340 points agomez314 | 1 comments | 21 Mar 23 13:12 UTC | HN request time: 0.215s | source

Show context

thwayunion ◴[21 Mar 23 13:28 UTC] No.35245821[source]▶

Absolutely correct.

We already know this is about self-driving cars. Passing a driver's test was already possible in 2015 or so, but SDCs clearly aren't ready for L5 deployment even today.

There are also a lot of excellent examples of failure modes in object detection benchmarks.

Tests, such as driver's tests or standardized exams, are designed for humans. They make a lot of entirely implicit assumptions about failure modes and gaps in knowledge that are uniquely human. Automated systems work differently.
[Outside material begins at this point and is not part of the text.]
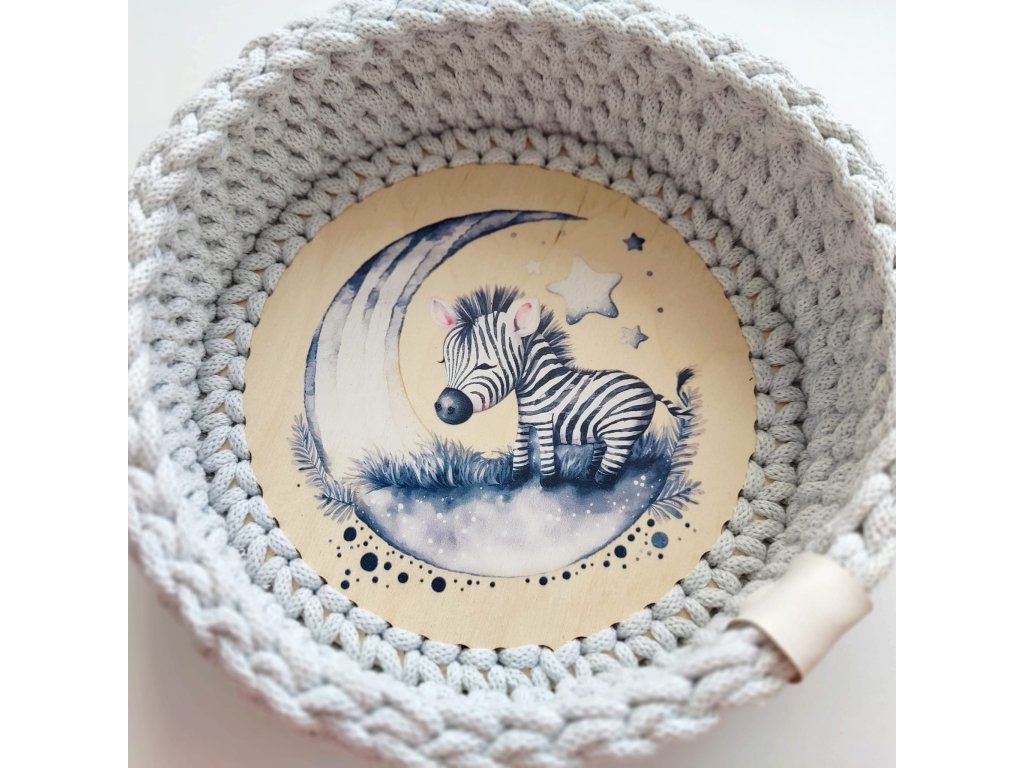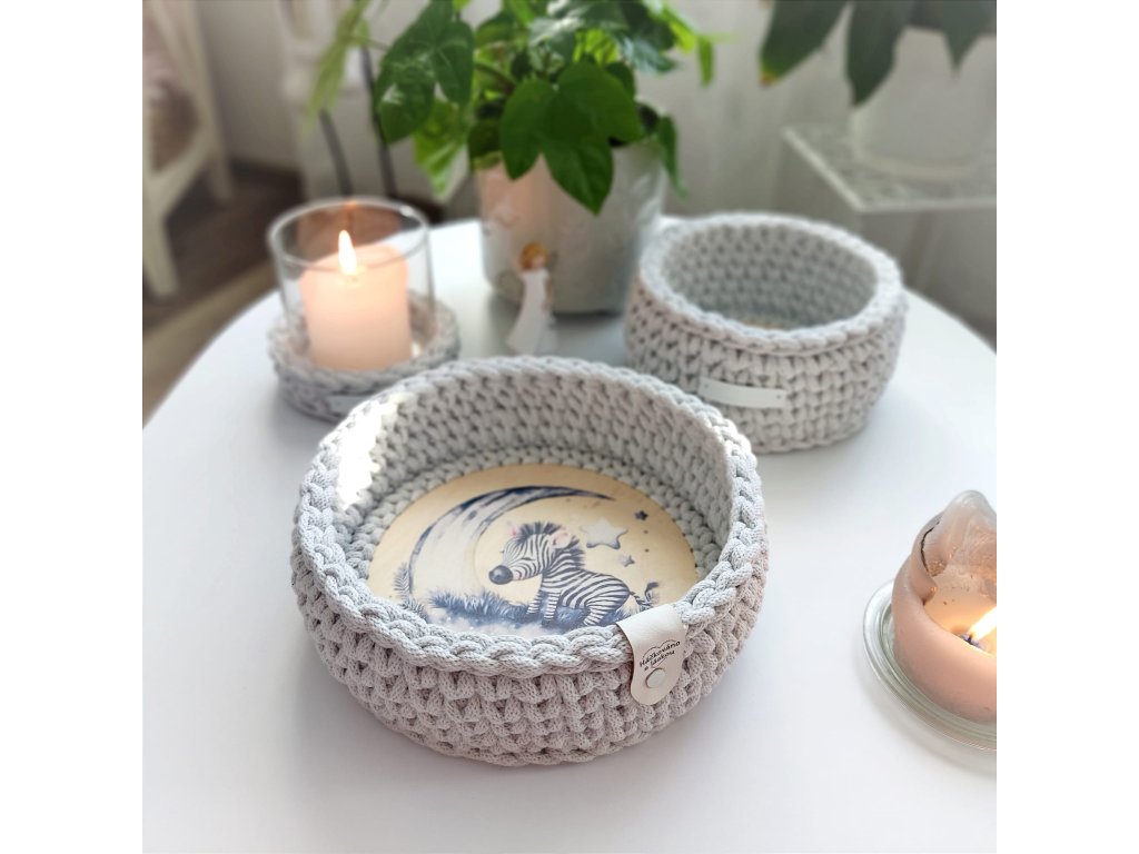 Sada se skládá: košíček je o průměru 20 cm a výšce 7 cm s dekorem roztomilé zebry, 15 cm a výšce 9 cm se sym a poslední se sklem na čajovou svíčku je o průměru 10cm a výšce 11 cm se slem.

They don't fail in the same way that humans fail, and therefore need different benchmarks.

Designing good benchmarks that probe GPT systems for common failure modes and weaknesses is actually quite difficult. Much more difficult than designing or training these systems, IME.

replies(12): >>35245981 #>>35246141 #>>35246208 #>>35246246 #>>35246355 #>>35246446 #>>35247376 #>>35249238 #>>35249439 #>>35250684 #>>35251205 #>>35252879 #

dcolkitt ◴[21 Mar 23 13:56 UTC] No.35246141[source]▶

>>35245821 #

I'd also add that the almost all standardized tests are designed for introductory material across millions of people. That kind of information is likely to be highly represented in the training corpus. Whereas most jobs require highly specialized domain knowledge that's probably not well represented in the corpus, and probably too expansive to fit into the context window.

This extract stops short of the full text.